Preface
When writing C language code, pointers are everywhere. We can make a little extra use of pointers to store some extra information inside them. To implement this technique, we take advantage of the natural alignment of data in memory.
Data in memory is not stored at any address. Processors usually read memory data according to blocks of the same word size; then, considering efficiency factors, the compiler will align the entities in memory by integer multiples of the block size. Therefore, on a 32-bit processor, a 4-byte integer data must be stored in a place where the memory address can be divisible by 4.
Below, assume that the integer data and pointer sizes in the system are both 4 bytes.
Now there is a pointer to an integer. As mentioned above, integer data can be stored at memory addresses 0x1000 or 0x1004 or 0x1008, but will never be stored at 0x1001 or 0x1002 or 0x1003 or any other address that cannot be divisible by 4. All binary numbers that are 4 integer multiples end with 00. Actually, this means that for all pointers to integers, its last two digits are always 0.
Then there are 2 bits that do not carry any information. The trick here is to place our data into these two bits, use it when needed, and delete them before accessing memory through pointer dereferences.
Since the C standard does not support pointer bit operations well, we save the pointer as an unsigned integer data.
Below is a short simple code snippet. See the complete code in the github repositoryhide-data-in-ptr。
void put_data(int *p, unsigned int data) { assert(data < 4); *p |= data; } unsigned int get_data(unsigned int p) { return (p & 3); } void cleanse_pointer(int *p) { *p &= ~3; } int main(void) { unsigned int x = 701; unsigned int p = (unsigned int) &x; printf("Original ptr: %un", p); put_data(&p, 3); printf("ptr with data: %un", p); printf("data stored in ptr: %un", get_data(p)); cleanse_pointer(&p); printf("Cleansed ptr: %un", p); printf("Dereferencing cleansed ptr: %un", *(int*)p); return 0; }
The code output is as follows:
Original ptr: 3216722220
ptr with data: 3216722223
data stored in ptr: 3
Cleansed ptr: 3216722220
Dereferencing cleansed ptr: 701
We can store any data that can be represented by two bits in the pointer.

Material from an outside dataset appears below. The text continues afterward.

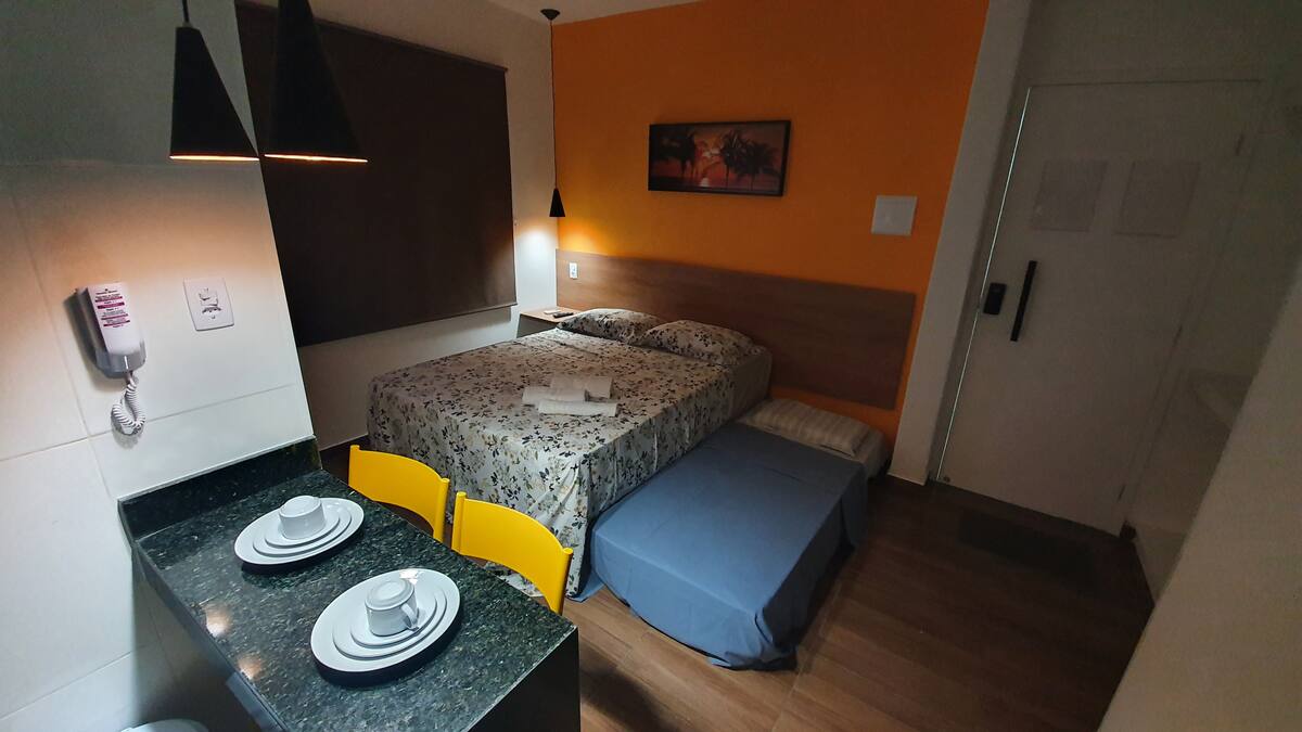 Szállj meg egy teljes kitnetben, amely ideális a szálláshelyeden eltöltött idődhöz! A helyiség tervezett, szobával, légkondicionálóval, felszerelt konyhával és saját fürdőszobával rendelkezik. Aracaju központjában található, közel a piacokhoz, éttermekhez és látnivalókhoz. Kiemelt témák: • Wifi • Légkondicionált légkör • Teljes konyha felszerelve • Biztonsági rendszer 📢 A Kitnet egy felső szinten található, és lépcsőn kell felmásznod, hogy megközelíthesd.

Use the put_data() function to set the lowest two digits of the pointer to the data to be stored. This data can be obtained using the get_data() function. Here, all bits except the last two bits are overwritten to zero, so the data we hide is displayed.

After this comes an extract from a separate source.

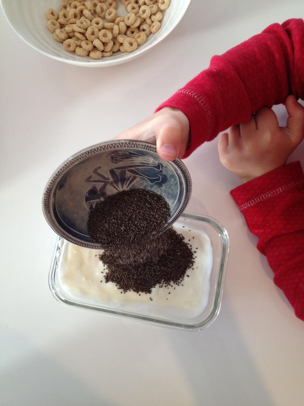 Mix 1/2 cup of the plain yogourt with 1/2 cup of the sweetened yogourt and stir. Pour some chia seeds either directly into the yogourt or let your little helper do it from a little bowl (more fun!)

The cleanse_pointer() function will zero at the lowest two positions to ensure that the pointer is safely dereferenced. Note that although some CPUs (like Intel allow us to access unaligned memory addresses, other CPUs (like ARM) will experience access errors. So, remember to ensure that the pointer points to an aligned memory address before dereference.
Is this applicable in practice?
Yes, there are applications. Check out the implementation of red and black trees in the Linux kernel (link: /torvalds/linux/blob/master/include/linux/).

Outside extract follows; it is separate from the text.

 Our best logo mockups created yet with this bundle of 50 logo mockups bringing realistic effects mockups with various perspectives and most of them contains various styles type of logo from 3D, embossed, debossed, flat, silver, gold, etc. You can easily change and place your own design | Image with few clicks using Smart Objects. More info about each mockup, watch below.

The node definition of the tree is as follows:
struct rb_node { unsigned long __rb_parent_color; struct rb_node *rb_right; struct rb_node *rb_left; } __attribute__((aligned(sizeof(long))));
Here unsigned long __rb_parent_color stores the following information:
The address of the parent node
The color of the node
The color is represented by 0, and 1 represents black.
As in the previous example, this data is hidden in the parent pointer's "useless" bit.
Let’s take a look at how the parent pointer and color information are obtained:
/* in */ #define rb_parent(r) ((struct rb_node *)((r)->__rb_parent_color & ~3)) /* in rbtree_augmented.h */ #define __rb_color(pc) ((pc) & 1) #define rb_color(rb) __rb_color((rb)->__rb_parent_color)
Every bit in memory is precious, we should never waste it. ——(Author of this article)
Summarize
The above is the entire content of this article. I hope that the content of this article has a certain reference value for everyone's study or work. If you have any questions, you can leave a message to communicate. Thank you for your support.